◆ **Task requirements**:
In the data below, begin at the line with "5、装备打孔后,选择宝石孔,在弹出的面板中选择你要镶嵌的宝石,点击确定。" and stop after the line with "8. Place the"; output those lines exactly and no pictures.
Data records below:
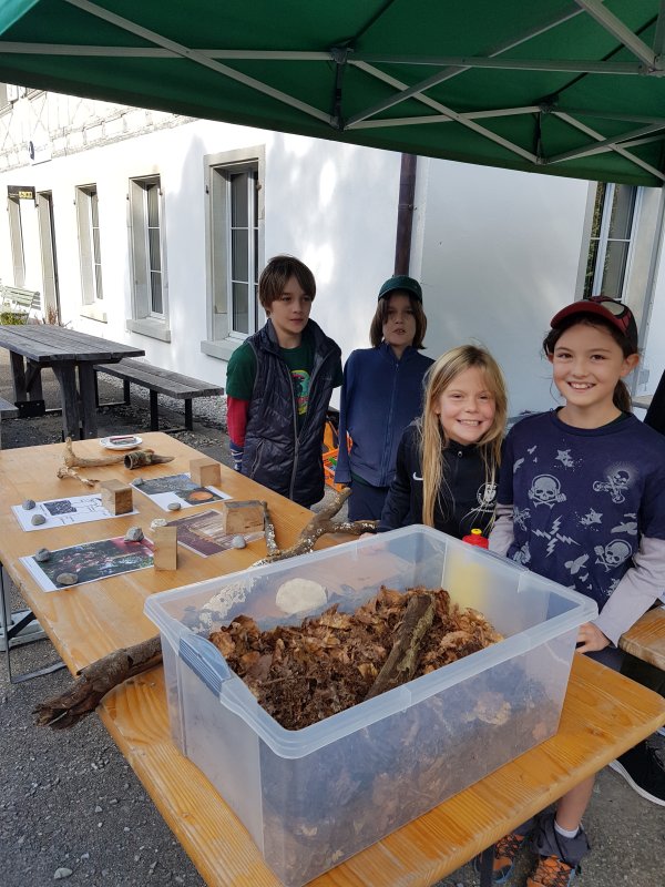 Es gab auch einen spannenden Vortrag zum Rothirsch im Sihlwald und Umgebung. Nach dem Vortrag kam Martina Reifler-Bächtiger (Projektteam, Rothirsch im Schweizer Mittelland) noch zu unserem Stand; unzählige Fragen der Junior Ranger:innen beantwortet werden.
End of Data records.
Data records below:
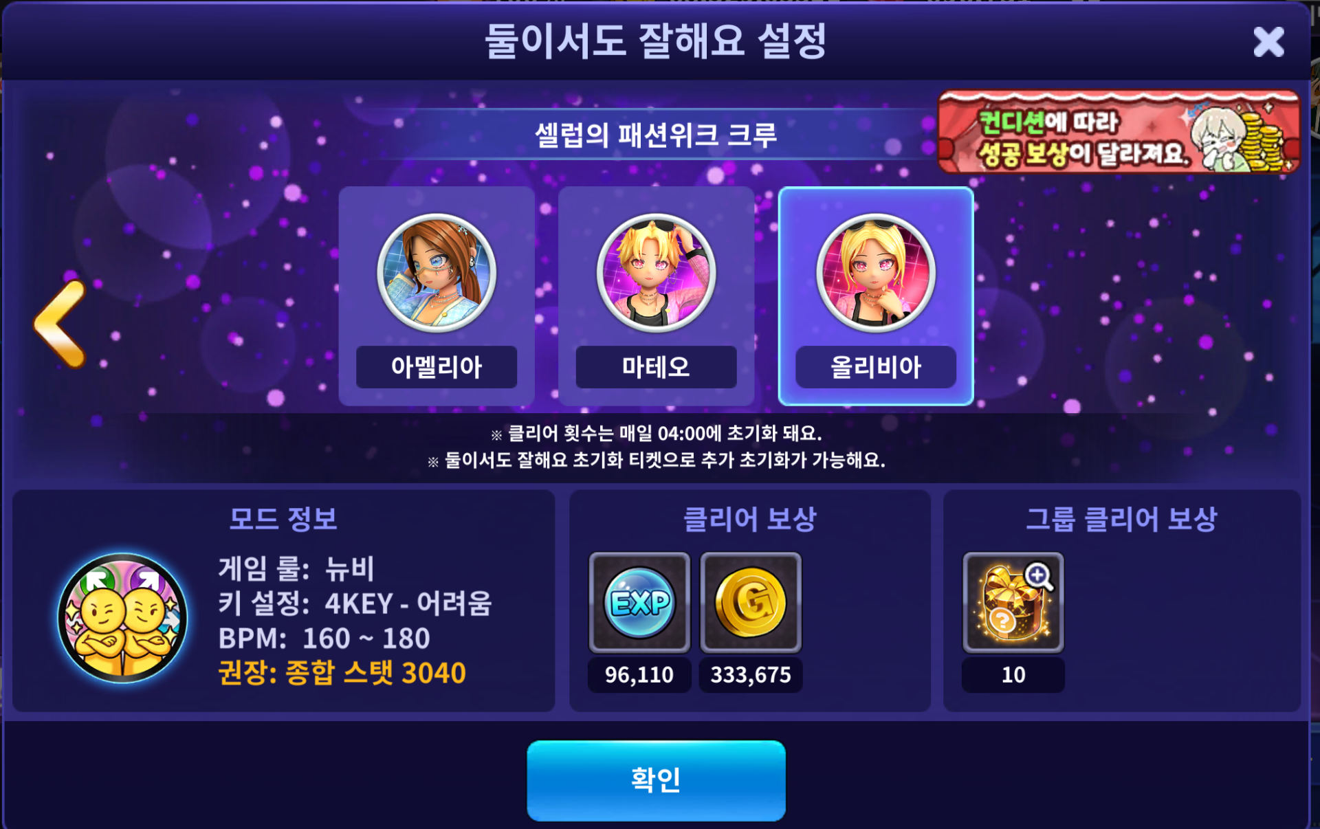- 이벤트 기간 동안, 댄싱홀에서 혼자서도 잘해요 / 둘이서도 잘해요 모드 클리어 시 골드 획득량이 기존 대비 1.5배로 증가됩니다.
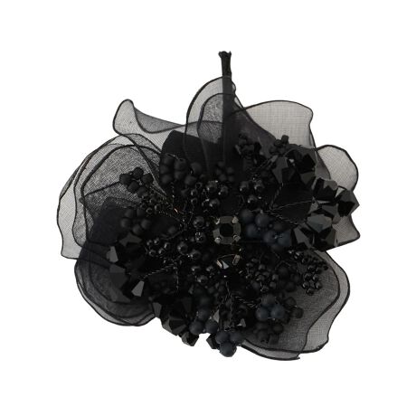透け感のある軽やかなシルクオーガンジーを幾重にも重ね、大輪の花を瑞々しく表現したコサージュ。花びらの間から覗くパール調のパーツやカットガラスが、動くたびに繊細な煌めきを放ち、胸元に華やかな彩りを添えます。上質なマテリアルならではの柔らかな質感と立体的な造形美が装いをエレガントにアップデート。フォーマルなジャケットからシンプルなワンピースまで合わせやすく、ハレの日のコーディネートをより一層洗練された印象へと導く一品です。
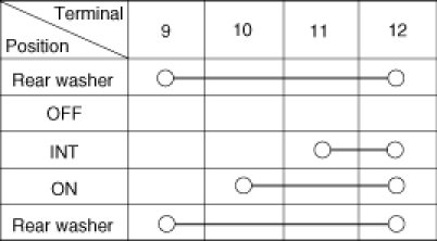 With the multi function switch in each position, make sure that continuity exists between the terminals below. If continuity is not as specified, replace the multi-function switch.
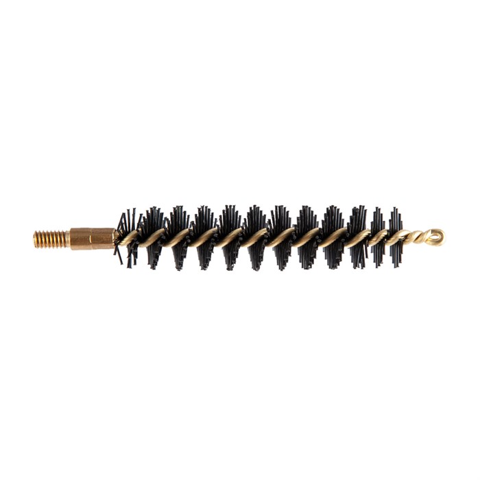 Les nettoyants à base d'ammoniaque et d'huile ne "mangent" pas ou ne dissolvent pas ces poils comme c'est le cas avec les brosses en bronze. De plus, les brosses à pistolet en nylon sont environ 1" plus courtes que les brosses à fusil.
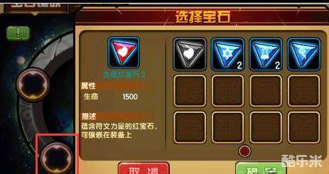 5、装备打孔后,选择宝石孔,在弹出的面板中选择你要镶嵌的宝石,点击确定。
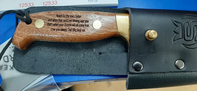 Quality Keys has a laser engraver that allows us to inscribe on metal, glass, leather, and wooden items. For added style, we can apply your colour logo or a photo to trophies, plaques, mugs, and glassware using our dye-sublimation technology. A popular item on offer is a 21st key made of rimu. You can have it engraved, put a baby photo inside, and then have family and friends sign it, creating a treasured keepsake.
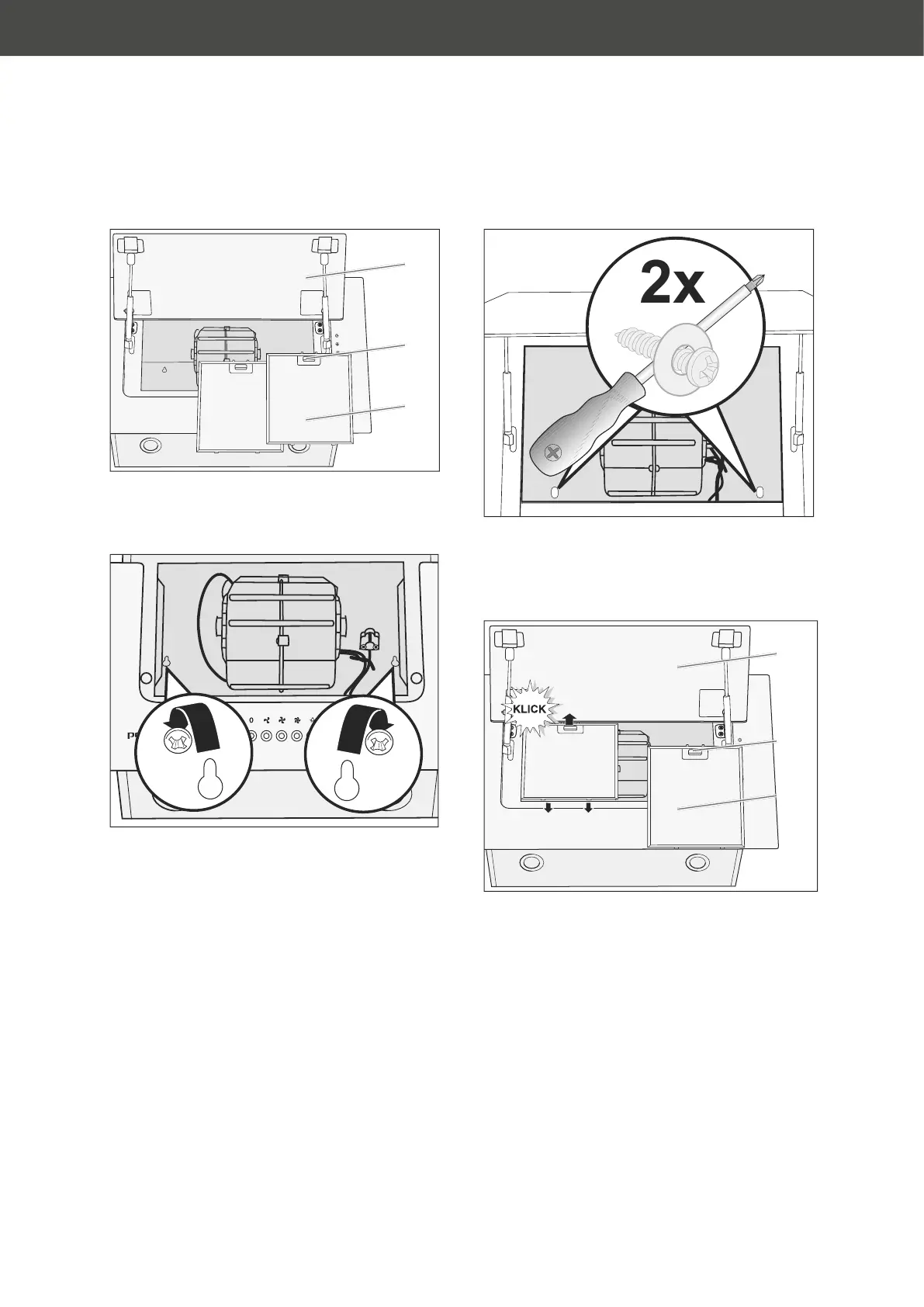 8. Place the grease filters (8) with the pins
End of Data records.
◆ **Reply**:
 5、装备打孔后,选择宝石孔,在弹出的面板中选择你要镶嵌的宝石,点击确定。
 Quality Keys has a laser engraver that allows us to inscribe on metal, glass, leather, and wooden items. For added style, we can apply your colour logo or a photo to trophies, plaques, mugs, and glassware using our dye-sublimation technology. A popular item on offer is a 21st key made of rimu. You can have it engraved, put a baby photo inside, and then have family and friends sign it, creating a treasured keepsake.
 8. Place the grease filters (8) with the pins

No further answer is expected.